今後自動車メーカーはトランプのいいなりになるのか?

デトロイトショーのプレスブリーフィングでトヨタ自動車はアメリカに対し今後5年間に100億ドル(1兆1500億円)の投資を行うと発表した。「トランプ次期大統領にツイッターで揺さぶりを掛けられ負けた」という声も出ている。今後も日本の自動車メーカーはトランプ発言に振り回されることになるのだろうか?

まずトヨタの決定だけれど、常識的に考えても他に選択の余地は無かった。一昔前まで「自動車産業が栄えている国で生産し消費国に輸出される」という形態だった自動車産業ながら、今や「その国で売るクルマはその国で作る」方向になっている。大きな雇用を生むためだ。当然のことながら国家が自動車産業を管理するようになっている。

アメリカ市場に於いても「日本や欧州で生産したクルマをアメリカに輸出する」というビジネススタイルは1990年代に終わり、現地生産が基本。ただアメリカの場合、メキシコとカナダとの間に『NAFTA』と言う関税無しの自由貿易協定を結んでいる。したがってアメリカで売るクルマは北米大陸で作れば何の問題も無かった。

アメリカの方針が変わり「やはりアメリカで売るクルマはアメリカで作って欲しい」と言われたなら、その意思は尊重しなければならない。政府間で決めたことに対し企業は関与出来ない。今後、トヨタ以外の自動車メーカーも、NAFTAに動きあればアメリカに投資しなければならないだろう。

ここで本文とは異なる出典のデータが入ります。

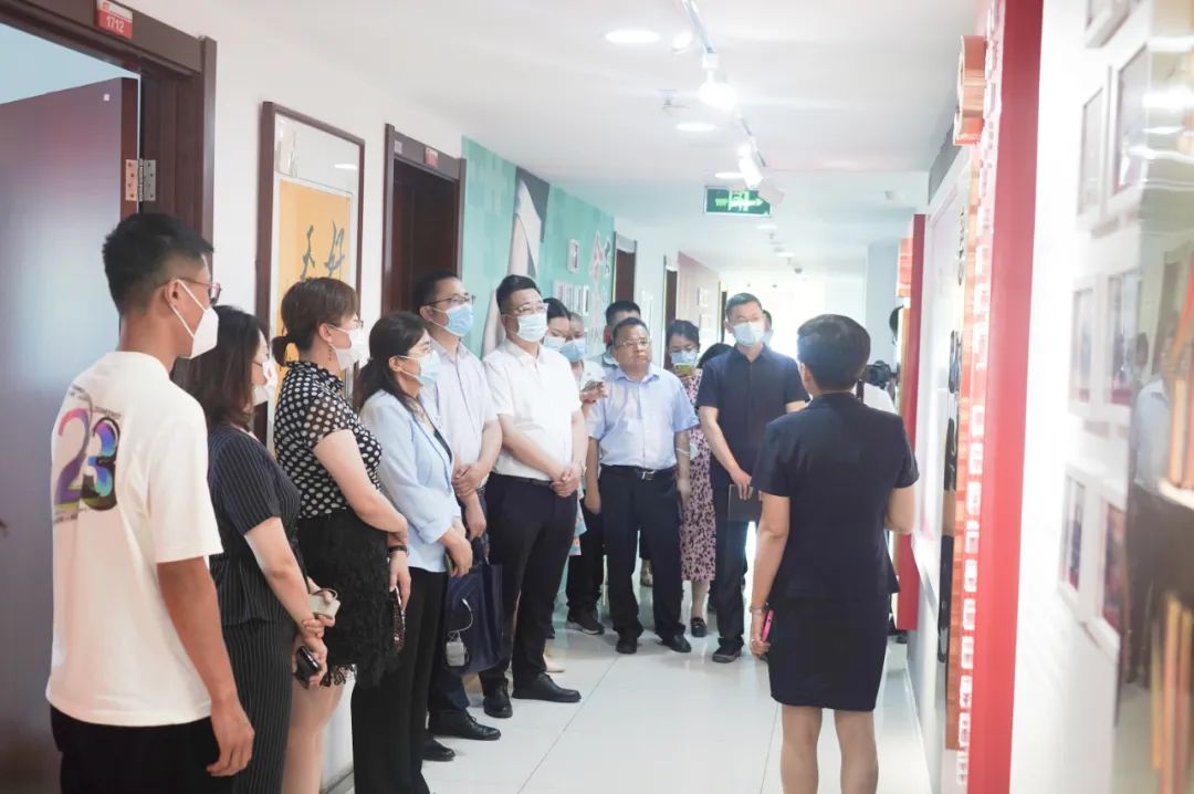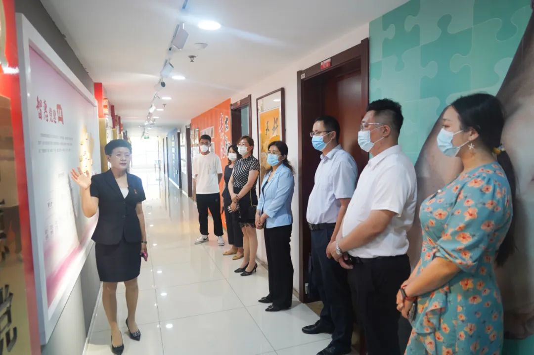 王現芹帶領大家參觀了黨建長廊,詳細介紹了大智組織架構、企業文化等相關情況,以及“智惠黨建一三九”黨建工作模式,黨建引領下的“一帶一促”群團建設理念和“智惠+”群團建設模式。

今後問題になるのは「トランプの言うことなら全部聞かなければならないのか」という点である。これに対する答えも簡単だ。「正論なら聞かざるをえない」。とは言え日本の自動車メーカーは長い間、アメリカと協議を続けてきた。アメリカでアメリカに売るためのクルマを作っている限り何の問題も無い。

メキシコ工場についてのみ、今までも「アメリカ目線の正論」で考えたらおかしいとされてきた。マツダのようにアメリカ生産から撤退し、メキシコに工場を作ることは危険だと言われている(マツダは早急に対応策を練るべきだと思う)。だからこそトヨタはすぐ理解し、大サービスの対応した。

トランプ次期大統領が理にかなわないことを言い始めたらどうすべきか? その時はアメリカの社会でコンセンサスを作ることだろう。すでにトランプ次期大統領の足元を見ると厳しい。女優のメリル・ストリーブさんの「障害者を侮辱することは悲しい」という演説が「アメリカの良心」を激しく揺さぶっている。

強気のトランプさんながら「アメリカの良心」(道徳や価値観を含む)に逆らえば手強いしっぺ返しが待っている。日本の自動車メーカーは正論で対応している限り、無理難題を突きつけられたら「アメリカ」というトランプ次期大統領より強くて大きい味方がバックアップしてくれるだろう。